- _WORK REQUIRED_
Once the pictures are set aside, repeat all of the data below exactly.

═════ STORED DATA ═════

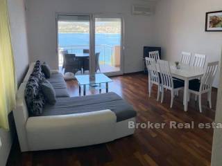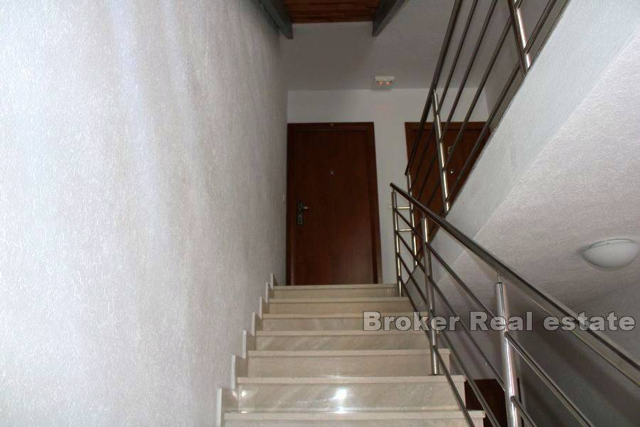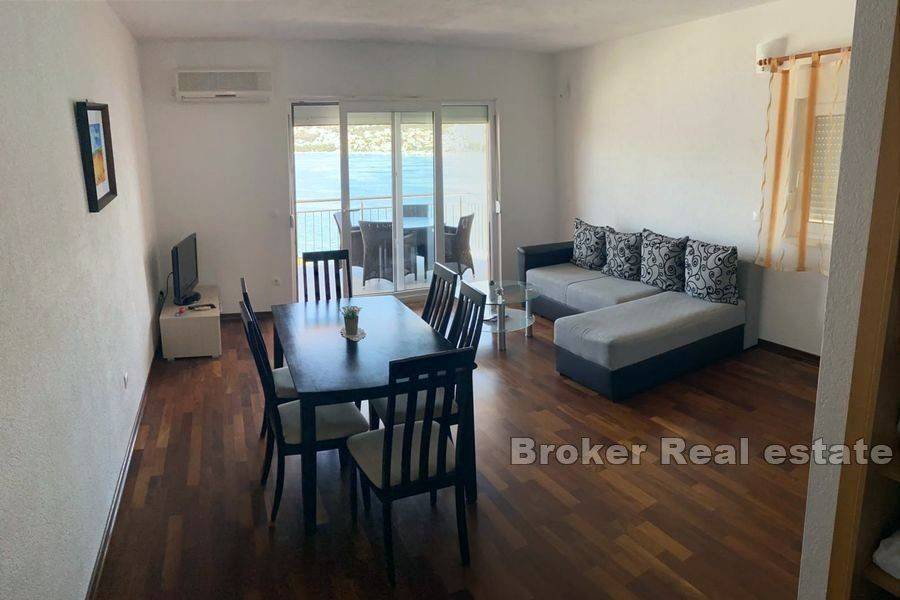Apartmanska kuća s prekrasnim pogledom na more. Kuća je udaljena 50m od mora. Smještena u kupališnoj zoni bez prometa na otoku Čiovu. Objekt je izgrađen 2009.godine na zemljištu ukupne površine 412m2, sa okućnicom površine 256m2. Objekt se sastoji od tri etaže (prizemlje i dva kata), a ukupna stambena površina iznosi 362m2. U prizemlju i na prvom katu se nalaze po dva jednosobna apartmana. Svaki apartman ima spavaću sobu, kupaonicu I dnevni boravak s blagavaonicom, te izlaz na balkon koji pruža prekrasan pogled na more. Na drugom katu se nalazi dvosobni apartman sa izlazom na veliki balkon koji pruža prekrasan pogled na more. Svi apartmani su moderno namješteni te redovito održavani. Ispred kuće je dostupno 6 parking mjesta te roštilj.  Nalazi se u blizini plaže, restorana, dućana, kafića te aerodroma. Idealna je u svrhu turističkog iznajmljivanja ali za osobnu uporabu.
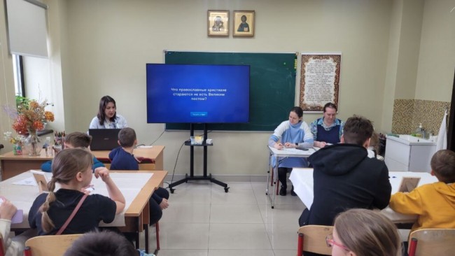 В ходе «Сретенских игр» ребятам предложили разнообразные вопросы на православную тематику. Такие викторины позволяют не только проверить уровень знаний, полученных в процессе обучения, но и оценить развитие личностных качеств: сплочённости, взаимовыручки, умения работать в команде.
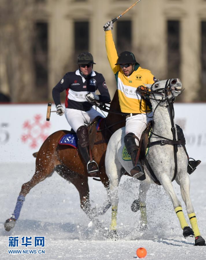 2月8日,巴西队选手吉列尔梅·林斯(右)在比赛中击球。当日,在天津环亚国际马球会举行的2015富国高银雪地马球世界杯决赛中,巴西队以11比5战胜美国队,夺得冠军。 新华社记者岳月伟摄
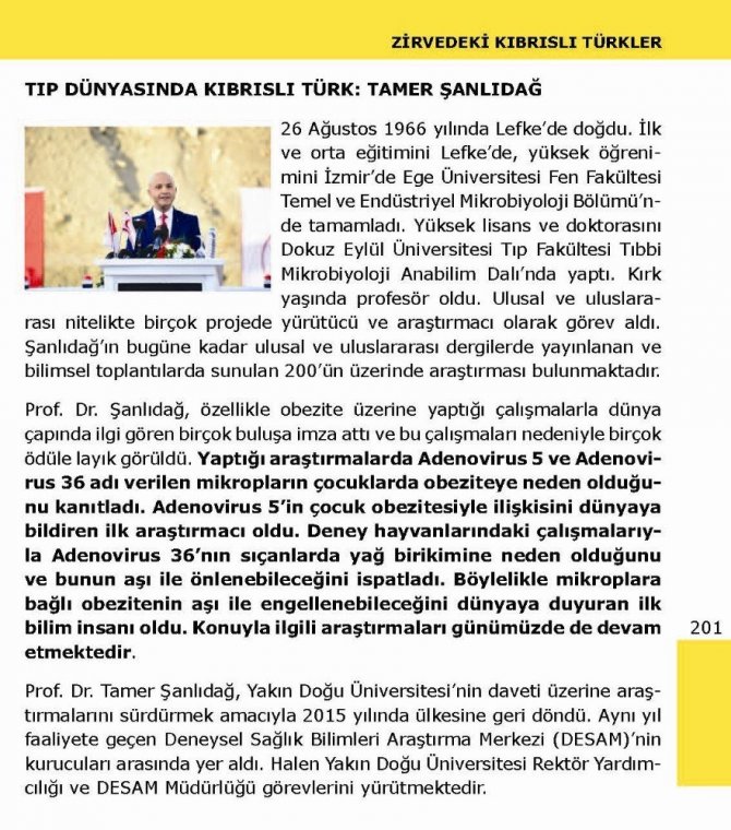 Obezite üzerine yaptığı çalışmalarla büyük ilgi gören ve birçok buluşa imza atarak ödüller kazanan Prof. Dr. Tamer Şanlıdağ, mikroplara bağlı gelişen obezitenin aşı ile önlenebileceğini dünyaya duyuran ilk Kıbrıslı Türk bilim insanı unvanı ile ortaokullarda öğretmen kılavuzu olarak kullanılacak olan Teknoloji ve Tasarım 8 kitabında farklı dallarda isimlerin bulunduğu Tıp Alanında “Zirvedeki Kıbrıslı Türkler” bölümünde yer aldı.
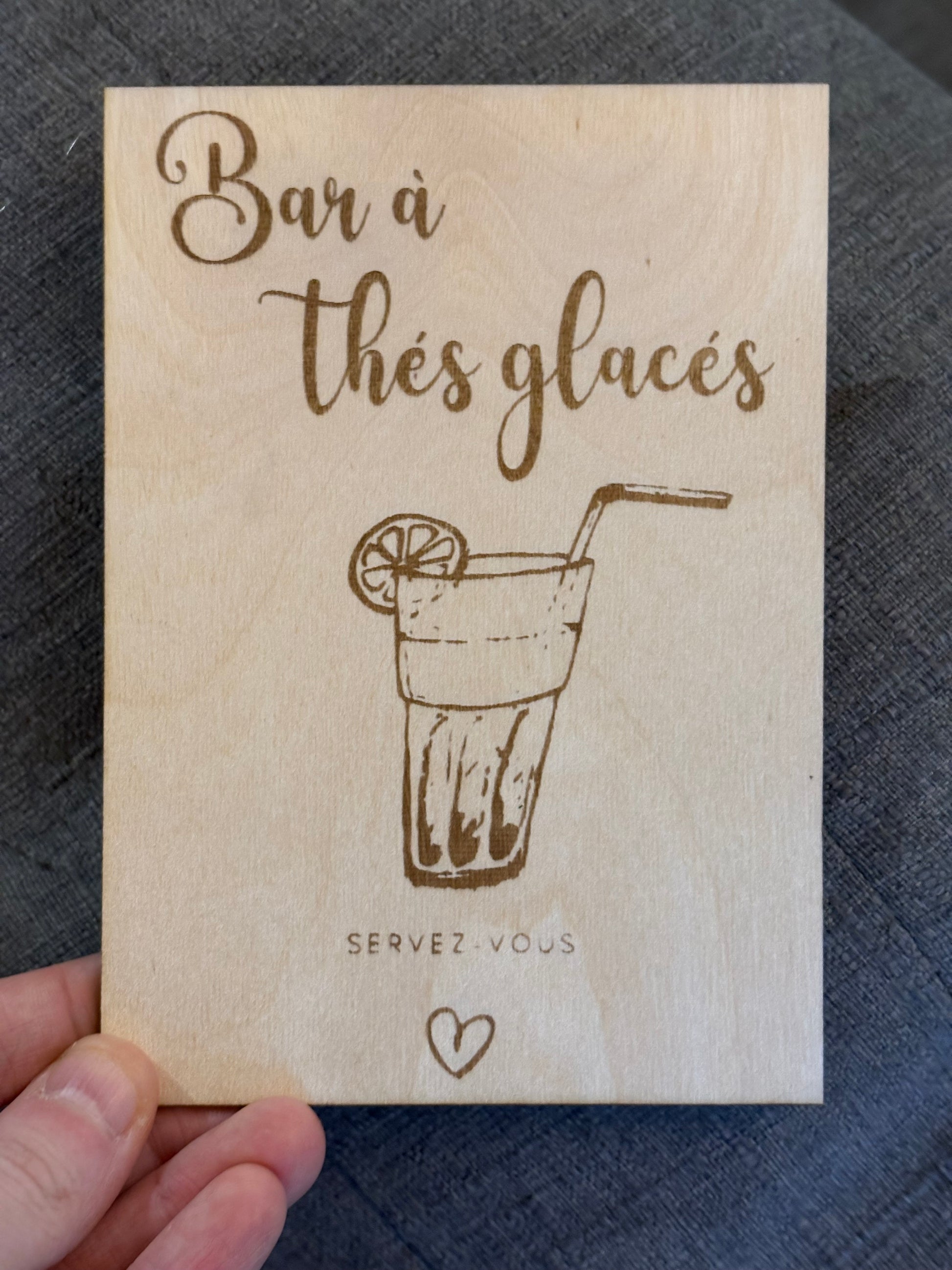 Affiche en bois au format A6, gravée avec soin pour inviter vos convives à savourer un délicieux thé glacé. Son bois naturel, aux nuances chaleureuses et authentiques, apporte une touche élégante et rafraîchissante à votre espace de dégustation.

═════

- _ANSWER BOX_
Apartmanska kuća s prekrasnim pogledom na more. Kuća je udaljena 50m od mora. Smještena u kupališnoj zoni bez prometa na otoku Čiovu. Objekt je izgrađen 2009.godine na zemljištu ukupne površine 412m2, sa okućnicom površine 256m2. Objekt se sastoji od tri etaže (prizemlje i dva kata), a ukupna stambena površina iznosi 362m2. U prizemlju i na prvom katu se nalaze po dva jednosobna apartmana. Svaki apartman ima spavaću sobu, kupaonicu I dnevni boravak s blagavaonicom, te izlaz na balkon koji pruža prekrasan pogled na more. Na drugom katu se nalazi dvosobni apartman sa izlazom na veliki balkon koji pruža prekrasan pogled na more. Svi apartmani su moderno namješteni te redovito održavani. Ispred kuće je dostupno 6 parking mjesta te roštilj.  Nalazi se u blizini plaže, restorana, dućana, kafića te aerodroma. Idealna je u svrhu turističkog iznajmljivanja ali za osobnu uporabu.
 В ходе «Сретенских игр» ребятам предложили разнообразные вопросы на православную тематику. Такие викторины позволяют не только проверить уровень знаний, полученных в процессе обучения, но и оценить развитие личностных качеств: сплочённости, взаимовыручки, умения работать в команде.
 2月8日,巴西队选手吉列尔梅·林斯(右)在比赛中击球。当日,在天津环亚国际马球会举行的2015富国高银雪地马球世界杯决赛中,巴西队以11比5战胜美国队,夺得冠军。 新华社记者岳月伟摄
 Obezite üzerine yaptığı çalışmalarla büyük ilgi gören ve birçok buluşa imza atarak ödüller kazanan Prof. Dr. Tamer Şanlıdağ, mikroplara bağlı gelişen obezitenin aşı ile önlenebileceğini dünyaya duyuran ilk Kıbrıslı Türk bilim insanı unvanı ile ortaokullarda öğretmen kılavuzu olarak kullanılacak olan Teknoloji ve Tasarım 8 kitabında farklı dallarda isimlerin bulunduğu Tıp Alanında “Zirvedeki Kıbrıslı Türkler” bölümünde yer aldı.
 Affiche en bois au format A6, gravée avec soin pour inviter vos convives à savourer un délicieux thé glacé. Son bois naturel, aux nuances chaleureuses et authentiques, apporte une touche élégante et rafraîchissante à votre espace de dégustation.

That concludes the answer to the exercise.